Не нужно было быть солдатом или стратегом, чтобы понять, что победные титулы императоров — не пустой звук. Так, легендарной стала великая победа над персами, где были захвачены семья Царя царей и несметные богатства. Граждане городов у Рейна или Дуная более не жили в постоянном страхе перед нападением варваров и необходимостью спасаться, бросив все имущество. Каждый следующий год больше не приносил новые монеты и изображения новых императоров, спешно сооруженные на рыночной площади, вслед за которыми неизбежно приходили солдаты и хищнически грабили жителей вне зависимости от того, кто оказывался победителем. Люди видели, как заброшенная земля понемногу вновь заселялась или осушалась для распашки, как возводились новые крепости непривычного вида, как укрепляли стены их городов, чинили дороги, освящали новые храмы и алтари. За все это им и их семьям так или иначе приходилось платить, но плату учитывали должным образом, а не просто отбирали, и все их соседи тоже вносили свою долю. Они по-прежнему видели яркие одежды и украшения варваров, слышали их гортанную речь, но теперь это были новопоселенцы или солдаты, которые, хоть и были чужаками, все же не представляли прямой угрозы.

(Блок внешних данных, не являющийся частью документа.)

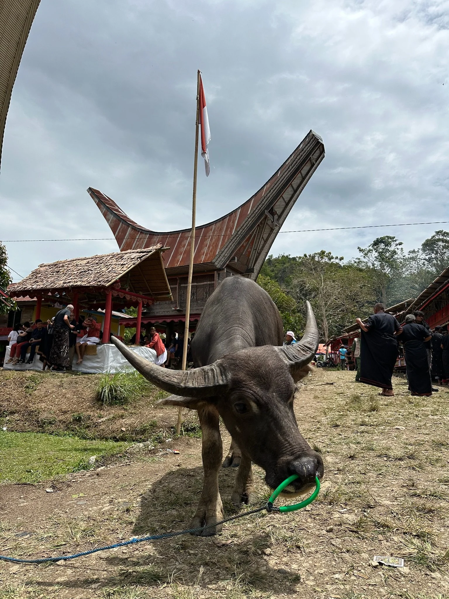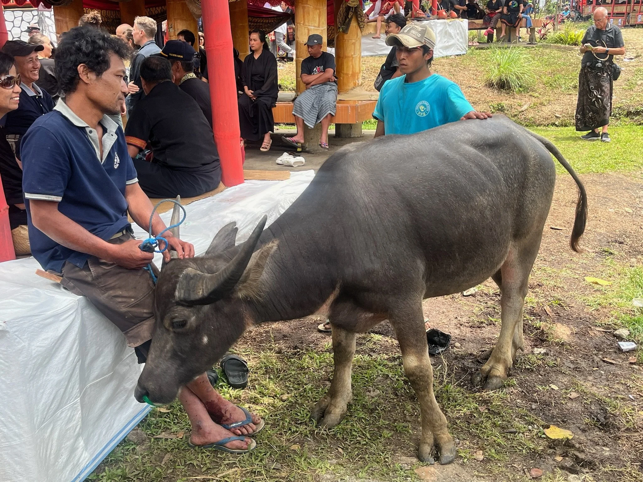 “Maybe they kill one buffalo today”, zegt Enos. We zien er twee staan tussen de mensen; ze lijken heel rustig, eentje vleit zich met z’n kop tegen z’n verzorger aan. “Or yes, maybe two.” Ok dan, Enos, thanks for the heads-off, ik bedoel heads-up. Nadat alle cadeaus overhandigd zijn en iedereen verwelkomd is, wordt de overledene in een prachtig versierde kist op de tweede verdieping van de tongkonan gezet. Vanaf beneden geven de mensen commentaar, ze lachen en sturen bij: beetje meer naar links, omgekeerd, nee, de kader met de foto staat niet waterpas, haha, zie ‘m daar hangen, rechts wat hoger, hoger, hoger, ja, prima! En plots, voor ik ‘t goed en wel besef, staat de buffel aan de centrale paal midden op ‘t plein. Ik zie iemand met een groot mes dichterbij stappen en ik draai instinctief m’n hoofd weg. Als ik terugkijk ligt het massieve beest al op de grond. Oef denk ik, dat ging relatief snel en pijnloos, maar als ik beter kijk merk ik dat de buffel nog een lange doodstrijd levert, terwijl de verzorger ondertussen al met het tweede, kleinere exemplaar komt aangewandeld. Het dier oogt heel rustig aan de hand van z’n baasje en pas nét voor het fatale moment lijk je een soort verschrikking en verwarring in de ogen te zien, alsof het ineens lijkt te beseffen: hola, vriend, wat zijn we van plan? Rondom rond staan toeristen met de hand voor hun mond te kijken, sommigen filmen en nemen foto’s, ik weet eigenlijk niet zo goed wat ik moet doen, maar probeer het toch ook vast te leggen, tegen beter weten in. Griet komt ook eens kijken en ook Sam is wel benieuwd. Robin is locked out en houdt zich in stilte bezig door op Griet haar gsm alle apps op een andere plaats te zetten. De locals blijven er heel rustig bij, geven commentaar over hoe sterk het dier wel is en steken nog een sigaret op. ‘t Is echt een surreëel tafereel. Eens ook de tweede buffel geofferd is, hebben we ‘t wel een beetje gehad. “Robin wil graag naar huis nu.” Dat treft, ik ook; Maaike, wir reinigen hier unseren Schaufel abf! Ze bezorgt ons als dank voor de lift nog een aantal prachtige foto’s (de close-up van de buffel hierboven) en een filmpje van het moment van de slachting, op verzoek te bekijken tijdens een bordje gemengd in Café Congé.
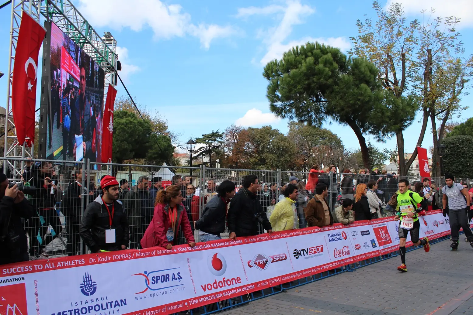 Duminica m-am trezit destul de devreme pentru ca la ora 7:00 trebuia sa fiu la punctul de intalnire de unde autobuzele duceau concurentii la linia de start, in partea asiatica a orasului. Am avut marea bucurie sa ma intalnesc acolo cu prieteni din RoClub Maraton si am format imediat un grup compact, facandu-ne loc prin marea de oameni si incercand sa ne pozitionam cat mai in fata la linia de start. A urmat intonarea imnului Turciei si cateva cuvinte din partea primarului rostite de la tribuna oficiala, iar apoi sunetul pistolului care marca startul celei de a 35-a editii a Istanbul Marathon.
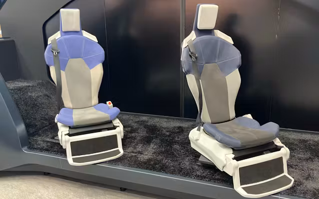 自動車部品大手ニッパツは30日、自動車ショー「ジャパンモビリティショー2025」で自動運転に適した自動車用シートを公開した。走行中にシートを回転させたりリクライニングさせたりすることを想定し、従来のシートより薄くすることによりシートを動かしやすくした。
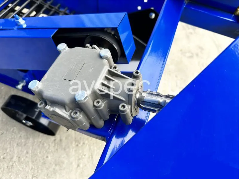 Это инструмент для выкапывания картофеля с ножом, лентой и колесами. Нож вырезает землю с клубнями и отправляет их на транспортерный механизм. Тот в свою очередь поднимает и раскладывает картофель на поверхности для сбора. Длина транспортера 950 мм. Устройство соединяется с трактором, минимальная мощность которого 18 л.с. со сцепкой и ВОМ.
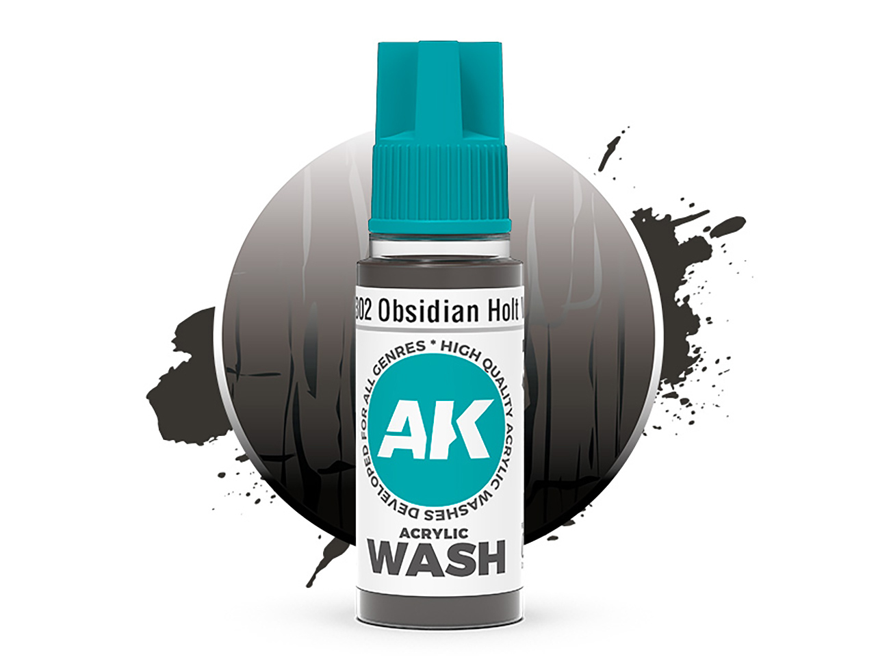 Wash modelarski akrylowy Obsidian Holt Acrylic Wash. Idealny do podkreślania detali zbroi, broni i maszyn. Idealny do ciemnych armii (Chaos, Nekrons, Black Marines itp.). Na jasnych kolorach (czerwonym, niebieskim, zielonym) dodaje wyrazistości, lekko przyciemniając kolor bez zmiany jego odcienia.
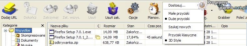 Aby dostosować wygląd paska narzędzi IDM, kliknij prawym przyciskiem na pasku narzędzi (patrz poniżej).
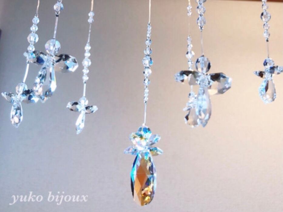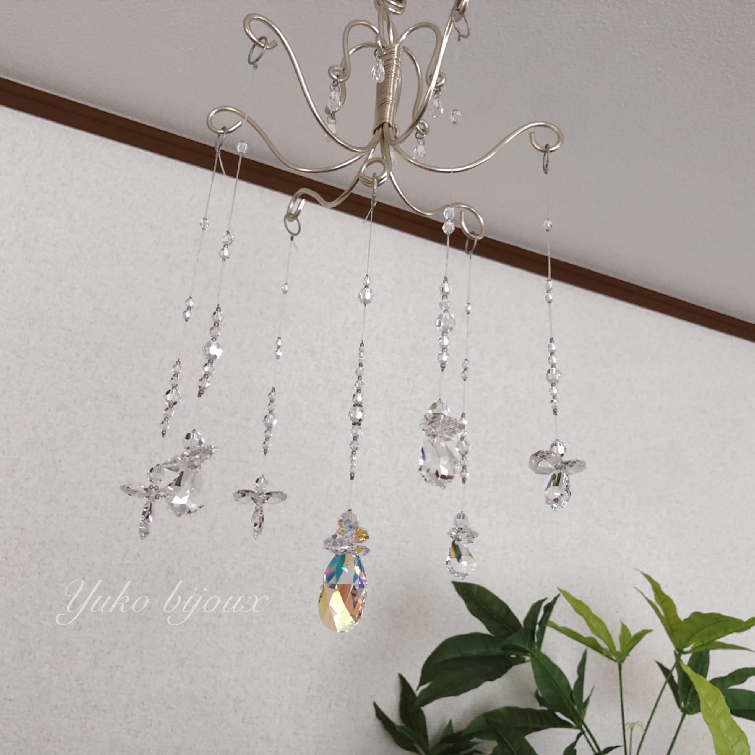 ※ワイヤー上部の6粒のスワロと中心の女神モチーフのサンキャッチャーは取り外し可(カニカン)。6本の天使モチーフのサンキャッチャーも取り外し可能です。
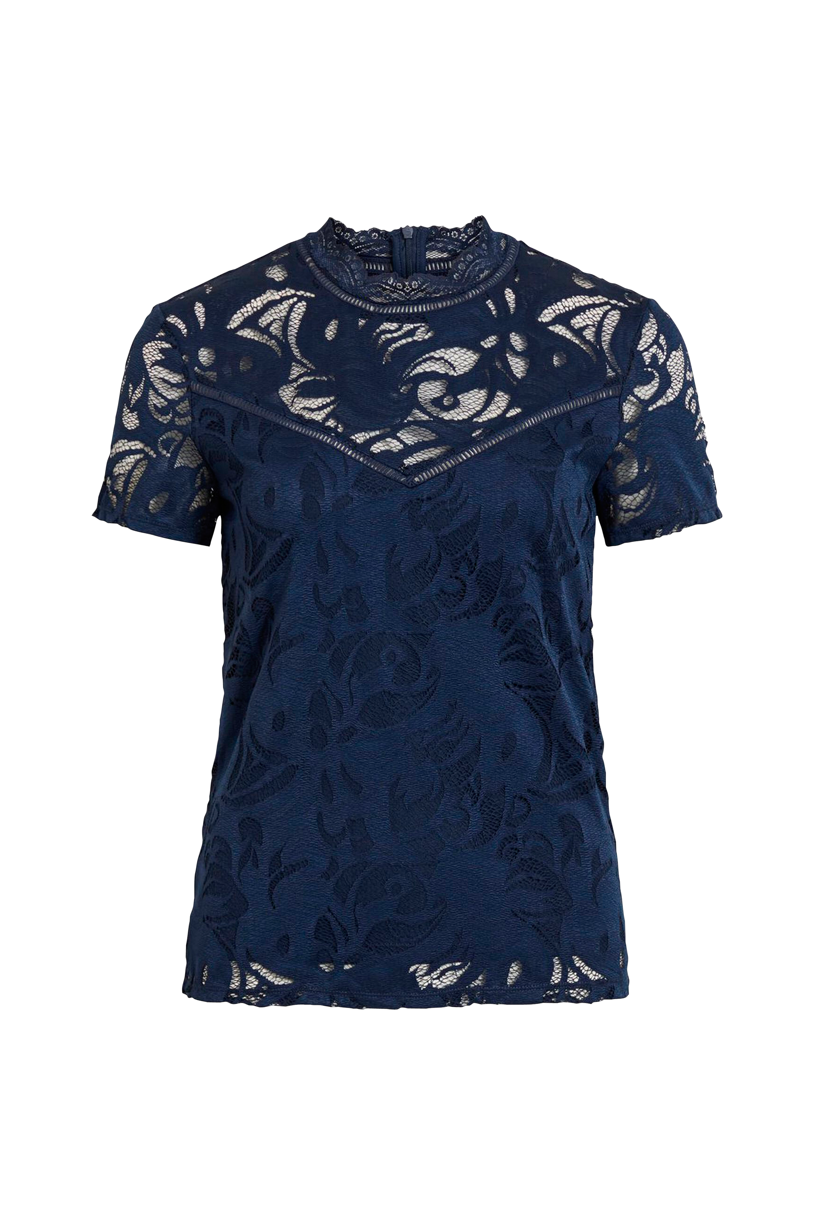 Blondetop viStasia S/L Lace Top fra Vila. Let figursyet model i flot, gennembrudt blonde med jerseyfor fra brystet og ned. Kort ærme og rund hals med halvhøj kant samt skjult lynlås i nakken.
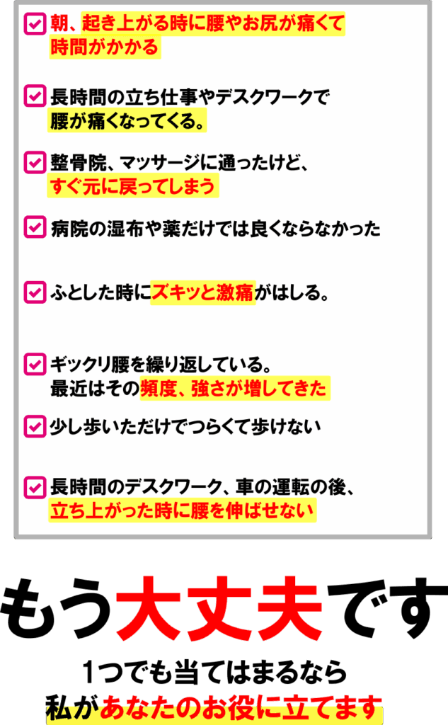 もうこの腰痛をなんとしてでも改善したい!本気で治したい!
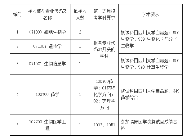 (1)調劑生的初試成績須同時達到第一志愿及調入志愿四川大學碩士研究生招生考試考生進入復試的初試成績基本要求;
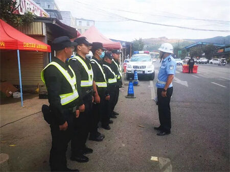 发动辖区“红袖标”志愿者参与巡逻防控工作。
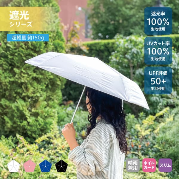 約150gの超軽量設計で持ち運びに便利な遮光折りたたみ傘です。

Все эти признаки обновления объединял общий дух новизны и по-настоящему грандиозных замыслов. Люди, куда более консервативные, чем в наши дни, наблюдали творившиеся вокруг них перемены, но лишь немногие сознавали скрытые связи между ними. Точно так же, как Август тремя веками ранее «восстановил республику», а на самом деле заменил власть сената и народа ловко завуалированной формой монархии, так и восстановление государства Диоклетианом на самом деле было наполовину скрытым созданием нового — империи-твердыни, в которой каждый занимал свое место и к которой был прикреплен новыми узами.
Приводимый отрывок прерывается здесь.